Marthe had been causing him anxiety for some time. He felt unable to assuage the fever of devotion that was burning her up. She eluded him, disobeyed him, threw herself into everything much more intensely than he would have wanted. This woman who was so helpful, this respected patron lady might be the undoing of him. There was a flame burning inside her that was wrecking her body, darkening her skin, and giving her black rings round her eyes. It was like an affliction that was increasing all the time, driving her entire being mad, getting closer and closer to her brain and her heart. Her face was drowned in ecstasy, hands stretched out in a nervous trembling. A dry cough sometimes racked her from head to toe, without her appearing to be aware of it. And the priest became ever harsher with her, repelling this love she was offering, forbidding her to come to Saint-Saturnin.

‘The church is icy cold,’ he would say. ‘You are coughing too much. I don’t want you to make it worse.’

She assured him that it was nothing, a mere irritation in her throat. Then she complied, she accepted this prohibition of going to church as if it were a punishment she deserved, that it closed the doors of heaven to her. She sobbed, believing she was damned, trailed around through days empty of meaning; and in spite of herself, like a woman who returns to a forbidden love, when Friday came, she stole humbly into the Saint-Michel chapel and came to press her burning forehead against the wooden confessional. She did not speak, but remained in that position, a broken woman; Abbé Faujas, annoyed with her, treated her cruelly like an unworthy girl. He sent her away, and she left, happy and comforted.
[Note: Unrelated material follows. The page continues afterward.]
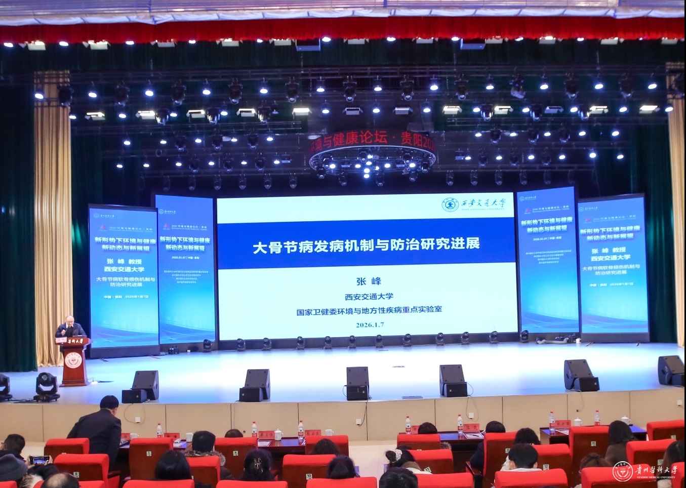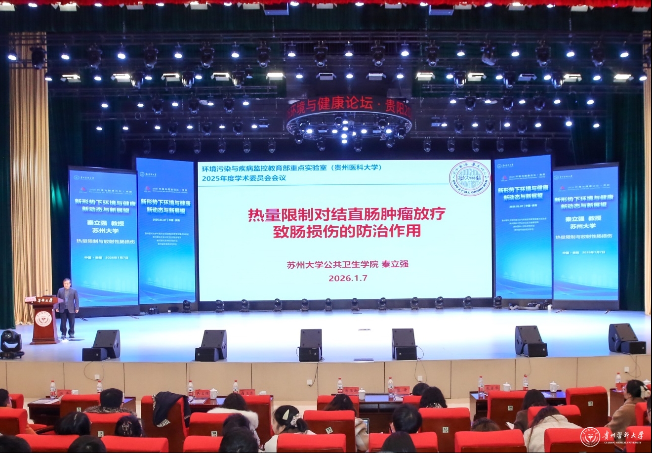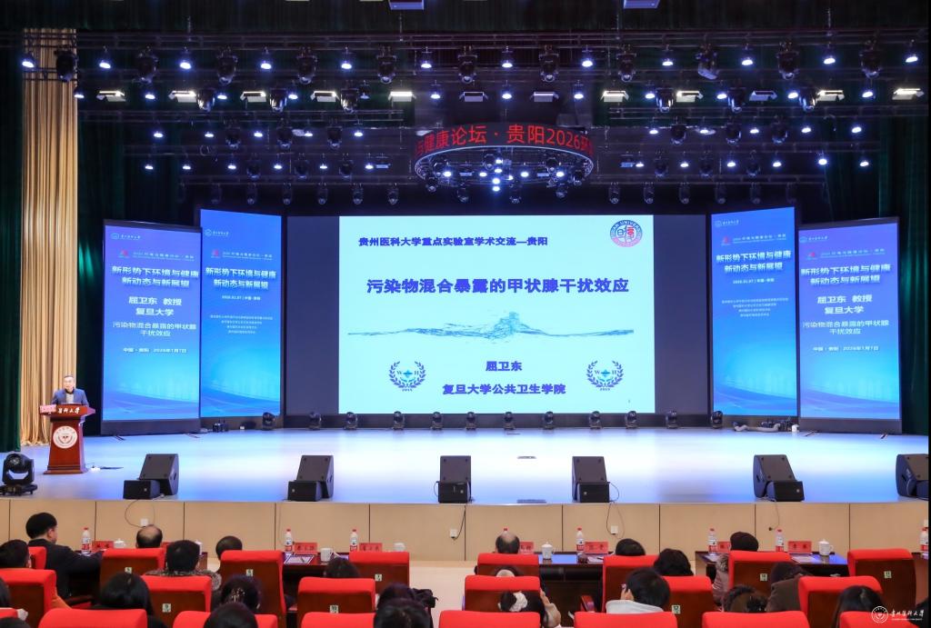 1月7日,以“新形势下环境与健康新动态与新展望”为主题的2026年环境与健康论坛在我校云漫湖校区礼堂召开。论坛由贵州医科大学环境污染与疾病监控教育部重点实验室、公共卫生与健康学院、科学技术处及贵州省环境诱变剂学会联合主办,邀请了青岛大学郑玉新教授、复旦大学屈卫东教授、中山大学陈雯教授、苏州大学秦立强教授、西安交通大学张峰教授作专题报告,共同探讨环境与健康领域前沿动态与发展方向。我校师生代表400余人参加了论坛。

The priest feared the darkness in the Saint-Michel chapel. He enlisted the help of Doctor Porquier, who persuaded Marthe to go to confession in the little oratory at the Work of the Virgin in the town. Abbé Faujas promised to wait there for her every other Saturday. This oratory was a cheerful place, set up in a large whitewashed room with four huge windows; he hoped it would calm the over-excited
imagination of his penitent. There he would be master, make her into his submissive slave, without having to fear a possible scandal. Moreover, to give short shrift to any nasty rumours, he asked his mother to come along with Marthe. While he was confessing the latter, Madame Faujas stayed at the entrance. The old lady, not caring to waste time, brought with her a stocking she was knitting.